Schule Maura Clarke mit Vor-, Grund- und weiterführender Schule. Sie liegt in einem armen Stadtteil. SchülerInnen aus armen Familien können ein Stipendium erhalten, die anderen zahlen, wie an anderen Privatschulen Schulgeld. Anders ist die Einrichtung nicht finanzierbar. Die Schule hat einen sehr guten Ruf. (750 SchülerInnen)
Ein neues Projekt ist ein Mädchenhaus. Hier sollen misshandelte und missbrauchte Mädchen für ein Jahr leben können. Das Projekt ist ein Novum in Nicaragua. Viele Probleme sind hier noch zu lösen. Das Projekt wird vom Werkhof e.V., Darmstadt, mit BMZ-Mitteln finanziert.Für das Programm von CECIM besteht weiterhin grosser Bedarf.

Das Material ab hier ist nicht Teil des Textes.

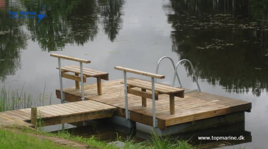 ECO-badepontonen med bænke fra Top Marine kombinerer miljøvenlig innovation og social komfort for en harmonisk adgang til vandet.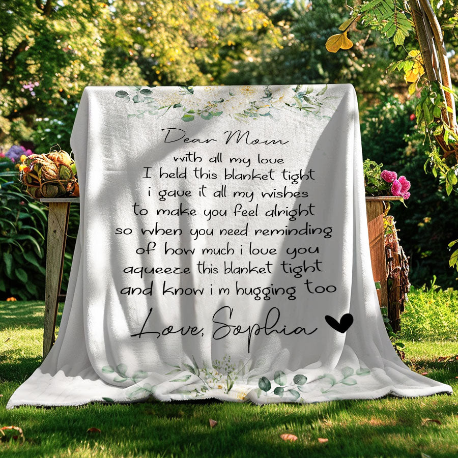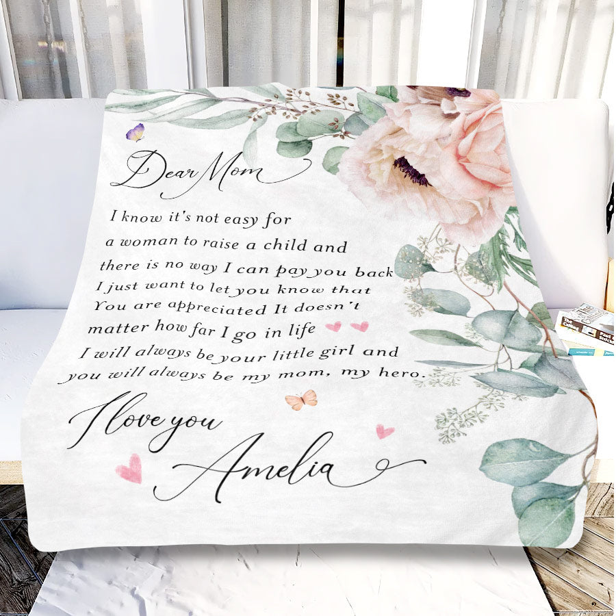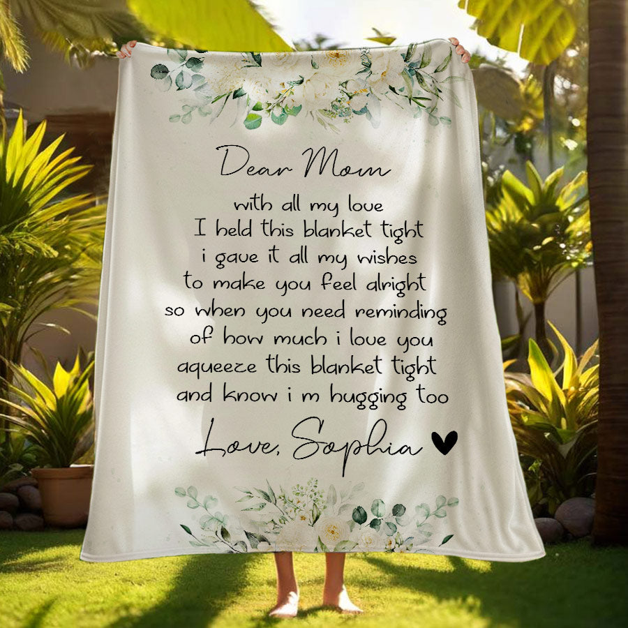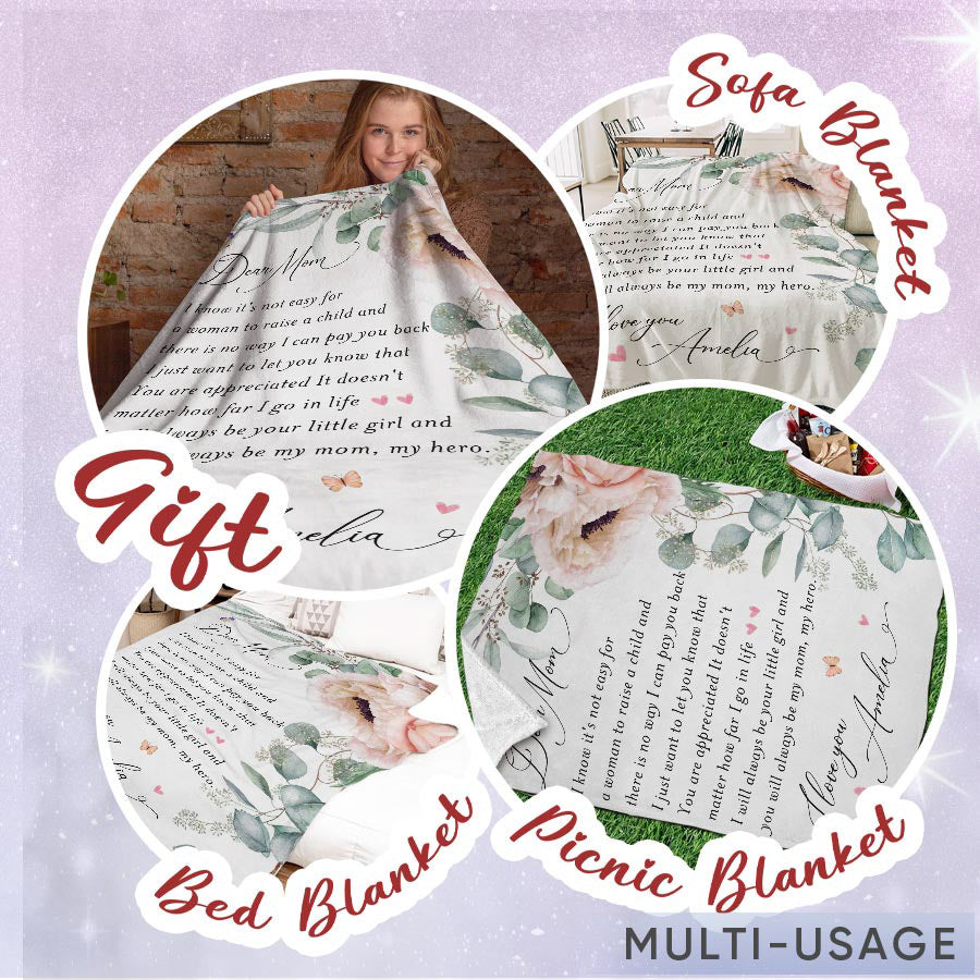 More than dear mom blanket | custom mothers day presents for chilly evenings, this customized blanket offers mom moments of joy throughout her day. Whether resting between errands or soothing her with after-dinner relaxation, your special blanket acts as a hug whenever she needs it most. Its timeless fleece design also makes it a cozy companion for many Mother's Days to come.

Mehr Informationen: Siehe downloads Rundbriefe (RuBr-MM-JJ)
"Kollektiv von Frauen aus Honduras" in Choloma und San Pedro Sula -
CODEMUH unterstützt insbesondere die Arbeiterinnen der Maquila-Betriebe.
Bei den Maquila-Betrieben handelt es sich um Weltmarktfabriken, die den Sonderwirtschaftszonen für ausländische Auftraggeber Bekleidung fertigen. In den Sonderwirtschaftszonen haben die Betriebe u.a. grosse Steuervorteile. Die Unternehmen versuchen ständig die nationalen Arbeitsrechte zu unterlaufen, z.B. was die Gründung von Gewerkschaften betrifft. Arbeitsschutzbestimmungen, wie die Begrenzung der Arbeitszeit, werden ständig missachtet. Es werden nur Frauen zwischen 18 und 25 Jahren eingestellt. Die Löhne reichen keineswegs aus, um eine Familie zu ernähren. Die Frauen sind häufigen Schikanen und sexuellen Belästigungen seitens der Aufseher ausgesetzt.
Bei CODEMUH sind über 1800 Frauen organisiert. CODEMUH arbeitet schwerpunkt mäßig für und mit Frauen aus den Maquilas, ist aber im Prinzip für alle Frauen offen. Die Organisation initiiert Frauenselbsthilfegruppen, veranstaltet Gruppentreffen, Seminare und Workshops zu spezifischen Themen, u.a. zu Gesundheit, Sexualität, Gewalt gegen Frauen, Rechte der Frauen etc..
In Bezug auf die Arbeit in den Maquilas wird Aufklärung betrieben über Arbeitsrechte, soziale Rechte von Frauen, Unterstützung und juristische Hilfe bei Rechtsklagen, Entlassungen, Diskriminierungen, Gewaltanwendung oder -androhungen. Bei CODEMUH sind über 1800 Frauen organisiert.
Viele Frauen beteiligen sich zum ersten Mal in ihrem Leben an öffentlichen Aktionen, z.B. am 1. Mai und am internationalen Frauentag. "Am meisten freut es die aktiven Frauen, dass sie sich selbst an Aktionen beteiligen können...", schrieb uns Maria Luisa Regalado, die Leiterin von CODEMUH. Die Frauen nehmen teil an den öffentlichen Aktionen zum 1.Mai, zum internationalen Frauentag, zum Gesundheitstag. Für viele von ihnen ist es das erste Mal im in ihrem Leben, dass sie öffentlich aktiv sind.
Die Frauen engagieren sich auch in örtlichen Einrichtungen, wie den solidarischen Kreditfonds, die Kleinstkredite für eine Erwerbsmöglichkeit o.ä. vergeben. Sie nehmen teil an öffentlichen Gemeinderatssitzungen. In der Gemeinde Choloma wurde so 2004 die Einrichtungen eines kommunalen Frauenbüros erreicht, das die Frauen z.B. im Falle von Gewalt in der Familie unterstützen soll.